Hello All,
I'm new here so please be gentle with me.
I'm in the market for upgrading my PC, but not in the orthodox way as I don't have alot of money. Plus I've not built a PC since 2004, so I am abit out of sorts!
I'll be buying used bits off eBay to keep costs down, I am aware I may get dud parts and am only doing this to keep costs down by paying £20 for CPU etc and it not working is a risk I'll have to take
My current spec'd PC is as follows:
AMD Athlon XP3000+ (Yes its goddamn slow)
1Gb DDR400
Asus A7N8X Mobo
160Gb HDD
Geforce FX5200 256Mb AGP 8x Graphics card.

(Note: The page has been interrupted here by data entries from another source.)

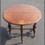 An attractive wooden drop leaf table on original castors with decorated legs. Measurements folded W89xH73cm, when open 108cm dia. approx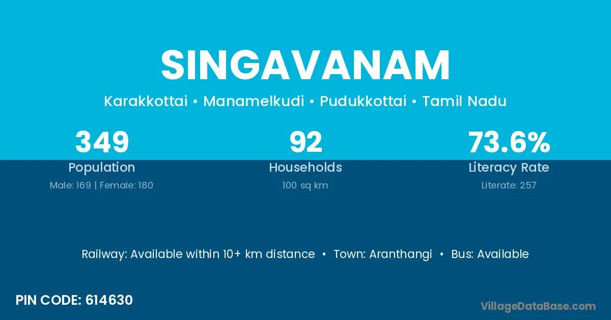 Aranthangi is the nearest town to Singavanam village for major economic activities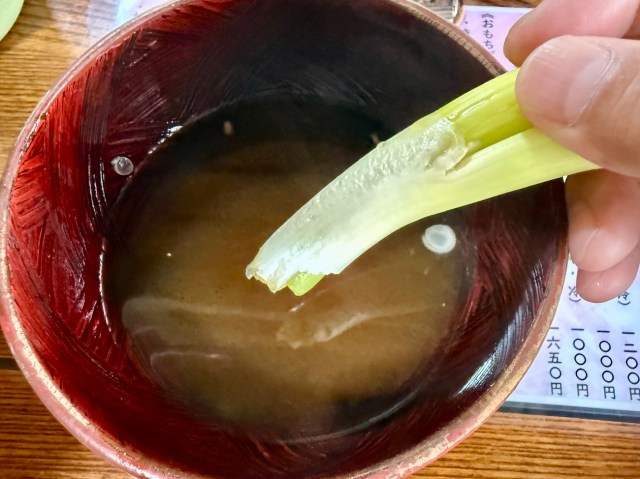 箸代わりのネギを薬味としてかじりながら食べていく。シャキッとした辛味と甘味が温かいつゆと合わさってウマい。てか、この “ワイルドスタイル” も美味しさを引き上げる要因な気がする。ただ、もちろん箸も用意されているので途中でチェンジしてもいいだろう。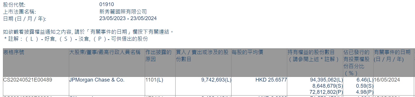 智通财经APP获悉,香港联交所最新资料显示,5月16日,小摩增持新秀丽(01910)974.2693万股,每股作价25.6577港元,总金额约为2.50亿港元。增持后最新持股数目约为9439.51万股,最新持股比例为6.46%。

Now I want to upgrade to an Intel dual core, I am either thinking a Pentium D 820, a Pentium Dual-Core 1.8GHz E2160 or a Core 2 Duo E4400. Now which is the fastest out of those in terms of usability, I'll be using older games. One of which has minimum requirements of a 1.7GHz CPU (its from 2006) and this is where I get confused as the Dual-Core and C2D are only 1.8GHz, will it run these games ok??
I've already selected a motherboard with is an ASrock 775Dual-VSTA, which allows me to 'upgrade' it in increments as it supports both PCIe and AGP aswell as DDR and DDRII.
In addition I am confused with all these new fangled (well new to me) graphics cards. When I left the PC world the fastest and greatest cards were ATi Radeon 9700/9800 Pros and Geforce FX5950s! Now I am looking at a used PCIe card and don't have a clue which to go for.
My motherboard only supports PCIe 4x so does this limit me in cards? or can I run a 16x card albeit slower?
Like above I am mainly running older games and would like to watch iPlayer in HD, most of which run alright on the FX5200 at lower resolutions/frame rates etc. I want to be able to run them at full speed. So was looking at ATi X700Pros and HD2400s.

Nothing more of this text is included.